Le dernier ouvrage de Charles Onana, Holocauste au Congo, l’omerta de la communauté internationale est préfacé par Charles Millon. Ancien Ministre français de la Défense, et député lors du génocide perpétré contre les Tutsi, ce dernier posa une question d’actualité au Parlement le 18 mai 1994, dont voici un extrait : « Face à l’offensive du Front patriotique rwandais, les troupes gouvernementales rwandaises se sont livrées à une élimination systématique de la population tutsi, ce qui a ensuite provoqué la généralisation des massacres… » usant de l’accusation en miroir, du retournement de responsabilités et de l’annulation de la planification du crime, il rejoint concrètement le camp des négationnistes.
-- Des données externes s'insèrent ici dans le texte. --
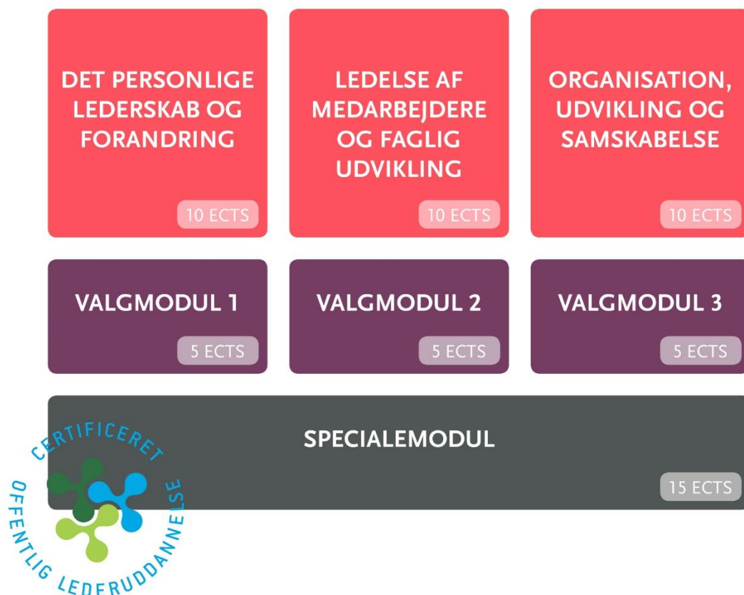
Illustration af de forskellige moduler på Den Offentlige Lederuddannelse:

Alle samlede seks grund- og valgmoduler skal afsluttes før specialemodulet, men kan tages i vilkårlig rækkefølge, så de bedst understøtter den studerendes eller organisationens behov.

Au sein de ce livre, Charles Onana revient sur une de ses idées fixes « le drame du Rwanda » – l’une des multiples appellations qu’il utilise pour ne jamais mentionner précisément le génocide des Tutsi – aurait été soigneusement pensé par les Tutsi et les Anglo-saxons pour « installer un dirigeant en mesure d’envahir le Congo et de s’emparer des richesses au profit des entreprises minières occidentales et des intérêts privés anglo-américains soutenus par certains dirigeants occidentaux ». Le génocide contre les Tutsi est présenté comme « un drame » dépolitisé, non planifié, ayant servi un bien plus grand et sombre dessin : l’envahissement et le contrôle du Zaire, mais plus largement de toute l’Afrique centrale par « les Tutsi », pour former un « empire nilotique ». On retrouve donc tout au long du livre le même fond idéologique qui a mené au génocide perpétré contre les Tutsi via la création d’un « protocole des sages de Sion » version Hutu Power diffusé dans toute la région des grands lacs dès les années 50. L’ouvrage est confus, complotiste et négationniste au-delà d’être de très basse qualité littéraire et argumentative.
Dans son chapitre nommé « le déploiement militaire anglo-américain au Rwanda », il invoque Eugène Rwamucyo comme argument d’autorité en appui à ses thèses, un présumé génocidaire visé par un mandat d’arrêt international et poursuivi en France pour génocide et crime contre l’humanité. Il est simplement présenté par Charles Onana comme « un rwandais, médecin ». Plus largement, il cite sans cesse les noms les plus populaires du négationnisme et de la haine anti-Tutsi : Justin Bitakwira, Stephen Smith, Robert Gersony, Pierre Péan, Bernard Debré. Il montre une affinité avec les groupes congolais ultra-meurtriers maï-maï dont il explique la mission essentielle pour lui de « se défendre des Rwandais ».
Charles Onana use d’un racisme biologique ferme et caractérisé dans de longues tirades concernant les populations ayant migré au Kivu depuis des dizaines voire des centaines d’années. Il tranche fermement sur l’illégitimité totale de ces populations à se revendiquer comme congolais. Dans la logique de cette idéologie, il se montre également antisémite. Malgré ces faits établis, Charles Onana semble échapper à la caractérisation de polémiste d’extrême droite du fait de ses origines camerounaises – de son ethnicité minorisée – et d’une posture de surplomb négrophobe des observateurs internationaux évaluant la situation géopolitique des Grands Lacs ainsi que leurs protagonistes tels une éternelle nuit civilisationnelle africaine.